Because using s-tree metadata to predict large numbers of grid values from the lower layers of the tree is a highly parallel process, VC-6 is designed to use the CPUs and GPUs built into users’ devices to support encoding and decoding. As mentioned above, the same is true of MPEG-5 LCEVC. Both can work in software but, by accessing massive parallelism, also take advantage of dedicated graphics hardware.
For the ‘Construct’ project, V-Nova applied 2/3 mathematically lossless compression, encoding at the rate of 20GB/10mins. “‘2/3 mathematically lossless’ means that certain data components of the point cloud and related attributes are compressed losslessly, while others are compressed near losslessly – that is, lossy coding,” said Guido. “Also, ‘Construct’ is particularly complex. Other, simpler volumetric videos need much lower data rates.”
He also mentioned the speed factor. Compression efficiency relates to speed. For a given coding format, the faster the data is encoded, the more you need to cut corners and/or disable certain efficiency tools, which means compression rates will suffer.

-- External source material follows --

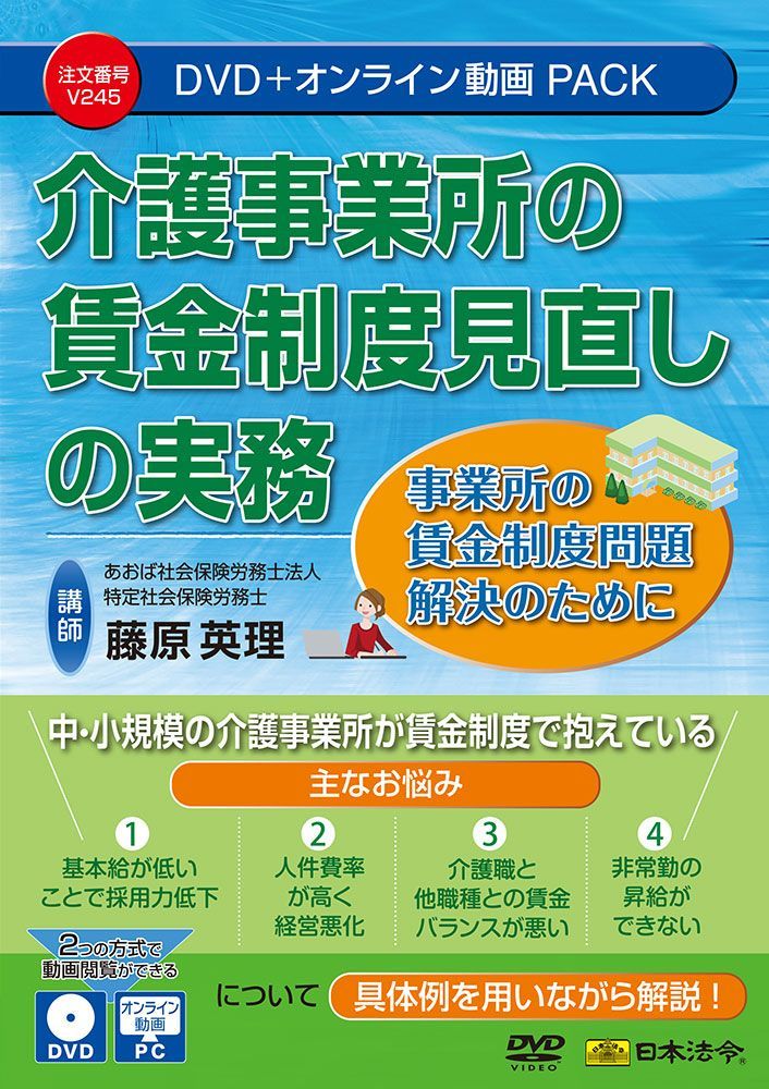 本DVDでは、介護事業所の賃金への問題解決のため、賃金制度の見直し方について、事例を用いて解説します。

“For instance, there is no absolute coding efficiency for H.264 or any other coding format. Watching a movie on Netflix may use the same H.264 format as a Zoom videocall, but Netflix will address the problem with processing power and use content-adaptive encoding. Conversely, Zoom has to encode everything in real time without much headroom for sophisticated decision-making, creating more opportunities for errors.
“A 1080p50 video has 3 Gbps of data uncompressed, and around 8-10 Mbps compressed. Normal compression removes at least 99.8% of the original file size, but making even one small mistake may downgrade that rate to 99.6%. That still seems quite efficient, and yet you are left with 0.4% instead of 0.2% of the original file size, or twice as much data. Thus, compression is in many ways a game of ‘not making mistakes’.”
The Volumetric Metaverse
A new desire to use the metaverse to communicate with volumetric elements and holograms now more closely associates compression and graphics rendering. “So far, graphics rendering has been relevant for 3D environments like game worlds that people playing a multiplayer game would downloaded onto a device, once and for all, and very rarely update. From there, they would only need to exchange minimal gaming data,” Guido said.

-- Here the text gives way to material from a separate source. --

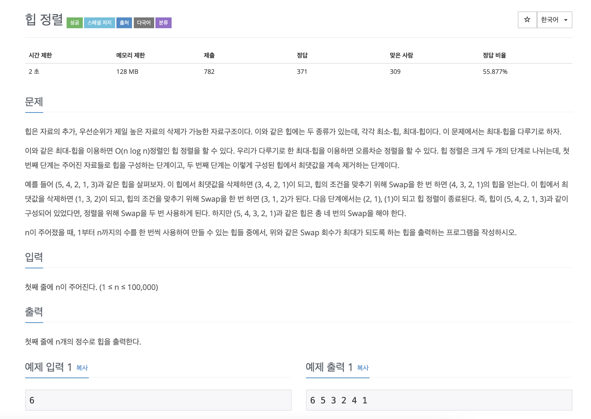 2220번: 힙 정렬

“But the metaverse, which is largely about enhanced digital communication and real-time interactions, aims to become a new user interface to access distributed data – that is, data that resides outside your local system – in real time. It has the potential to be a new way to browse the internet and for people to interact with one another and/or with remote devices, not just for entertainment but also for work.
“As such, we will need to receive and exchange both video feeds – since video cameras will continue to be an important class of sensors for at least the next 20 years – and volumetric data. Both will be rendered in 3D space, either immersively via VR headsets or via AR glasses superimposing elements onto what we see.”
Beyond Big VR Headsets
He notes that the metaverse is not just for early-adopter enthusiasts wearing big VR headsets. It will connect headsets, but also light AR glasses, tablets, mobile phones and smart watches, and involve interacting with the metaverse from standard flat displays, while using a volumetric UI – probably similar to a video game UI – instead of an ordinary flat UX.

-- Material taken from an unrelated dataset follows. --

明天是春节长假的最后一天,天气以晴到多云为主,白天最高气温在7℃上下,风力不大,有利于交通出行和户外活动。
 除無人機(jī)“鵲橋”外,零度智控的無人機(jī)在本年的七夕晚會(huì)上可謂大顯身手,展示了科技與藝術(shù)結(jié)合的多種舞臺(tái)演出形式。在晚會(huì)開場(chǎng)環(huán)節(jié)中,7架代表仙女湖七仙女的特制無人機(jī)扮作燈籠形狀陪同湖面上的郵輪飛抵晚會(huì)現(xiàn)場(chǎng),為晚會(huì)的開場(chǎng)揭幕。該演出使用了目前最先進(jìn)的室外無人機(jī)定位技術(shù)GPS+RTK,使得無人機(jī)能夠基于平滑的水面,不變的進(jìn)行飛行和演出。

In such a future, not only will compression and graphics rendering be closely related, but it’s reasonable to expect layered coding of information to be used as well. For distant elements, either flat screens showing conventional video or volumetric objects like avatars, receiving and decoding fine detail won’t be necessary. But if we get closer, we may want all those details, if only for the part that we are observing at a given moment.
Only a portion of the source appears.